ACTION ITEM
Where an image appears in the data, omit it and reproduce the rest exactly.

Saved entries
((

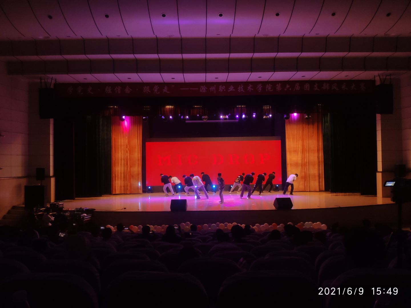 我院团总支高度重视此次大赛,从接到通知后就迅速的行动了起来,精心挑选了流行舞《Mic Drop》参加比赛。在备赛期间,老师和选手们牺牲了自己的课余时间,在音乐的剪辑,舞蹈的编排,动作的纠正等方面做了大量精心的准备。最终,在赛场上,我院孙运栋、王少成 、杨涛等同学表演的流行舞《Mic Drop》以动感的节奏、创意的编排、完美的演绎博得在场观众的欢呼声,体现出我院青年学生良好的身体素质和艺术素养。
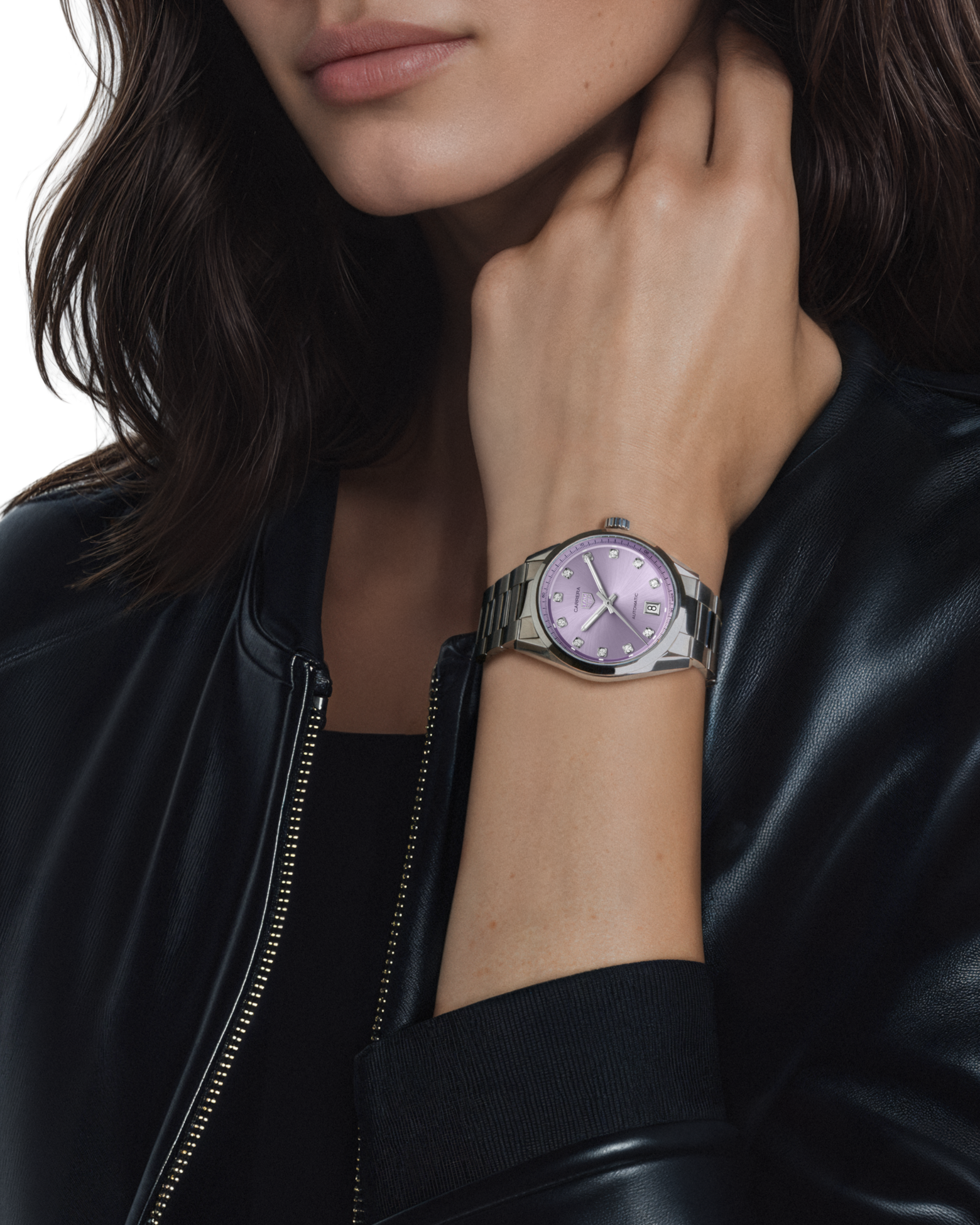 Das fliederfarbene azurierte Zifferblatt setzt einen dynamischen Akzent, der durch eine um das Zifferblatt verlaufende Minuterie mit Farbverlauf hervorgehoben wird. Die diamantbesetzten Indizes unterstreichen den raffinierten Look und bringen zeitlosen Stil in den Vordergrund.
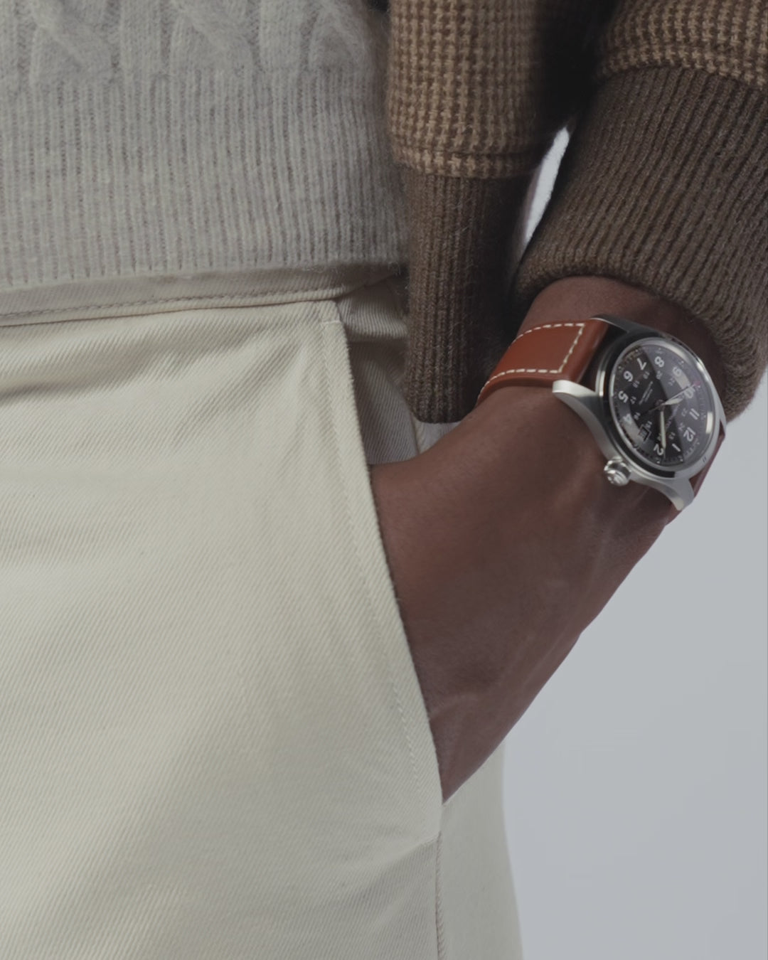 Per una scalata in montagna, una passeggiata nel verde o nel caos della città, il Khaki Field Auto soddisferà ogni tua esigenza. Con l'esclusivo calibro automatico H-10 che garantisce una riserva di carica fino a 80 ore, non ti deluderà.
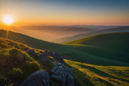 Beautiful sunset over the rolling hills in the Carpathian mountains
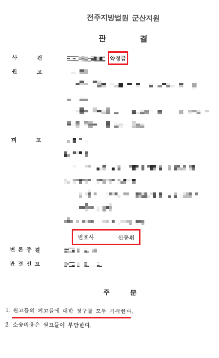 약정금 사건 진행경과 승소한 소식을 소개해드립니다. * 담당변호사 : 신동휘 변호사
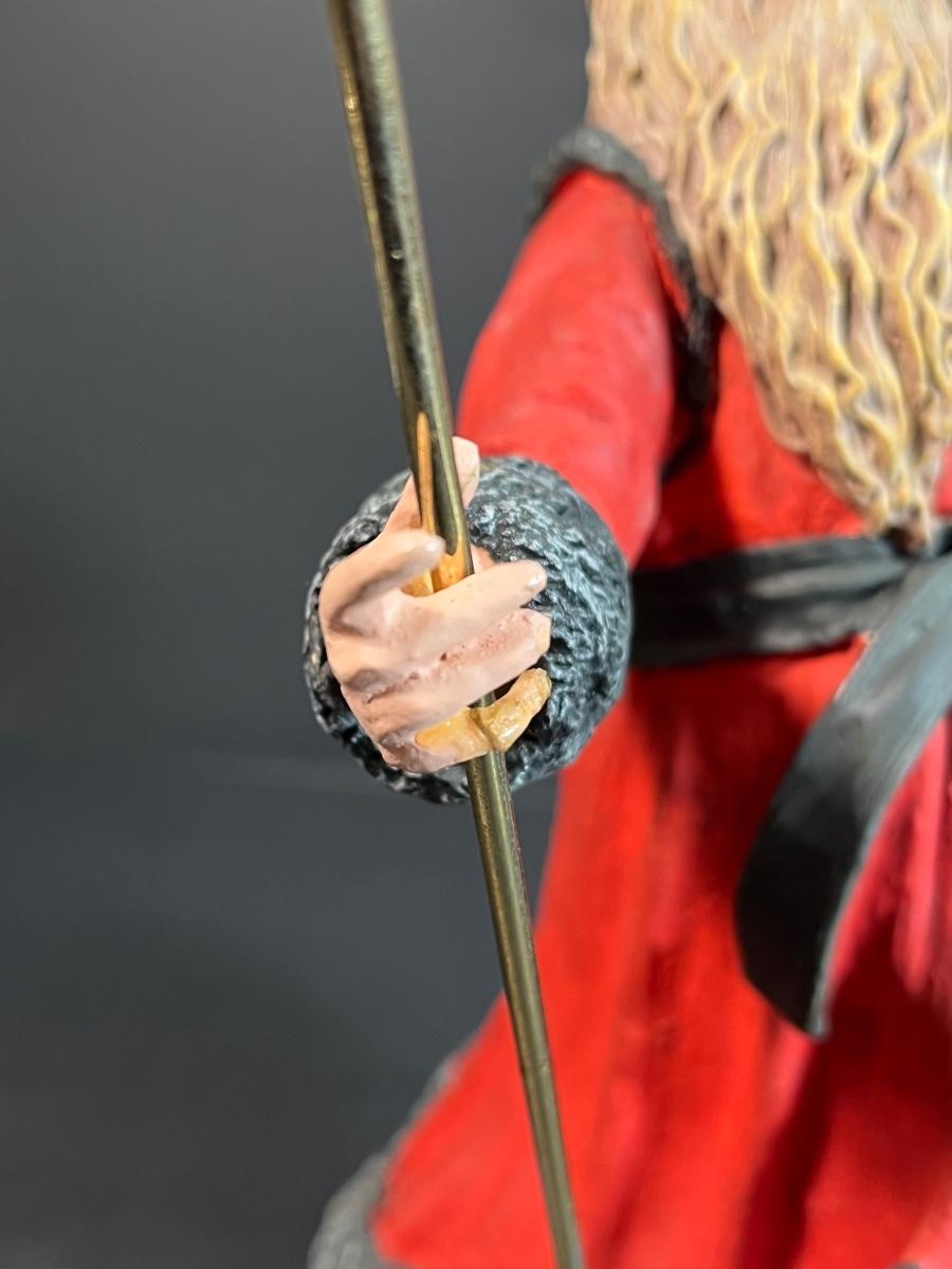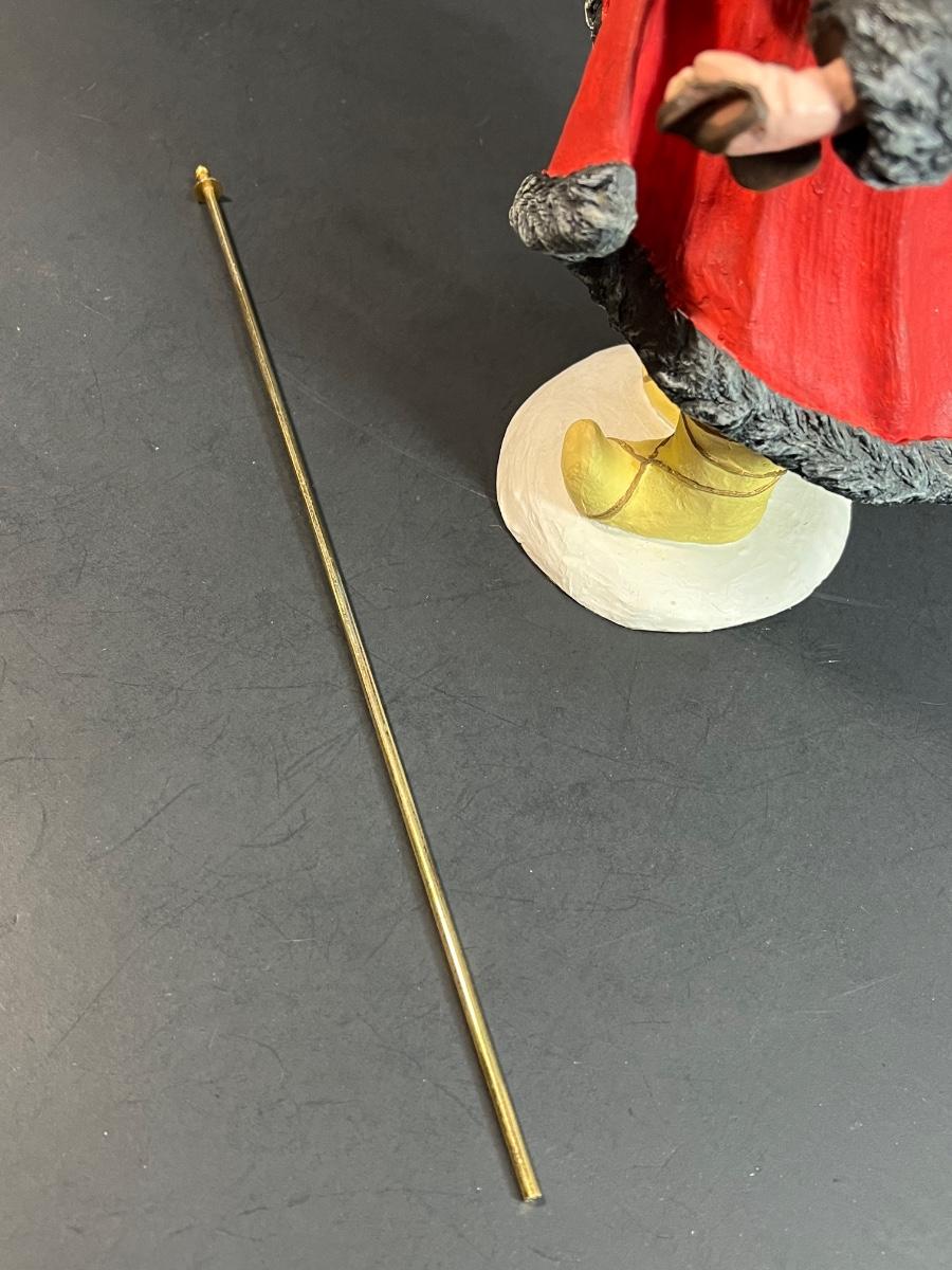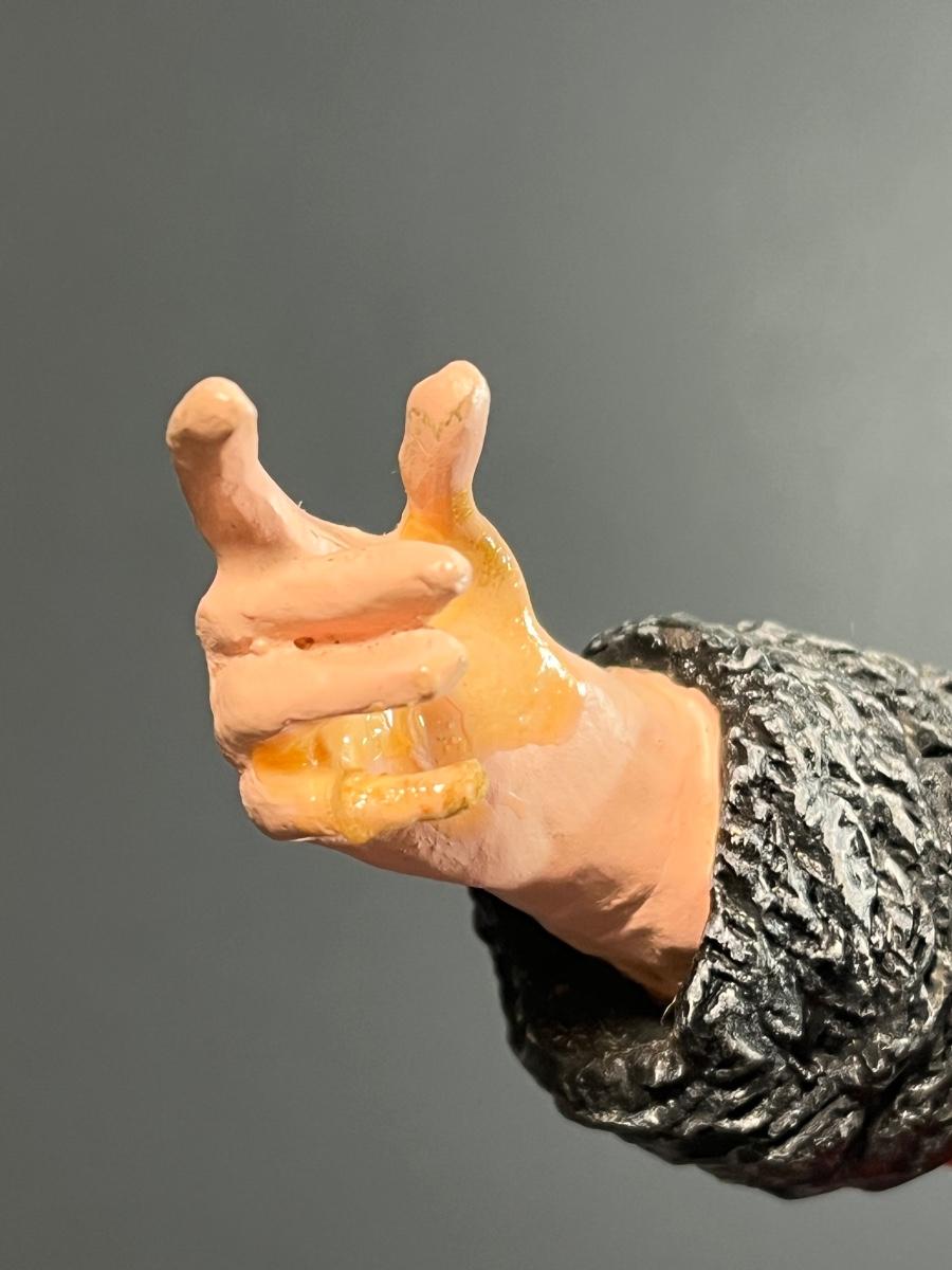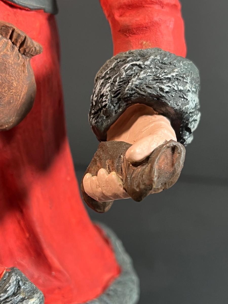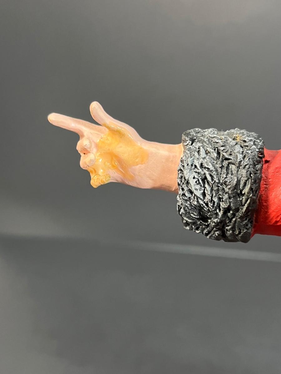 Appears to have had repairs made to his right hand with glue residue visible.

))

ANSWER TO THIS EXERCISE
 我院团总支高度重视此次大赛,从接到通知后就迅速的行动了起来,精心挑选了流行舞《Mic Drop》参加比赛。在备赛期间,老师和选手们牺牲了自己的课余时间,在音乐的剪辑,舞蹈的编排,动作的纠正等方面做了大量精心的准备。最终,在赛场上,我院孙运栋、王少成 、杨涛等同学表演的流行舞《Mic Drop》以动感的节奏、创意的编排、完美的演绎博得在场观众的欢呼声,体现出我院青年学生良好的身体素质和艺术素养。
 Das fliederfarbene azurierte Zifferblatt setzt einen dynamischen Akzent, der durch eine um das Zifferblatt verlaufende Minuterie mit Farbverlauf hervorgehoben wird. Die diamantbesetzten Indizes unterstreichen den raffinierten Look und bringen zeitlosen Stil in den Vordergrund.
 Per una scalata in montagna, una passeggiata nel verde o nel caos della città, il Khaki Field Auto soddisferà ogni tua esigenza. Con l'esclusivo calibro automatico H-10 che garantisce una riserva di carica fino a 80 ore, non ti deluderà.
 Beautiful sunset over the rolling hills in the Carpathian mountains
 약정금 사건 진행경과 승소한 소식을 소개해드립니다. * 담당변호사 : 신동휘 변호사
 Appears to have had repairs made to his right hand with glue residue visible.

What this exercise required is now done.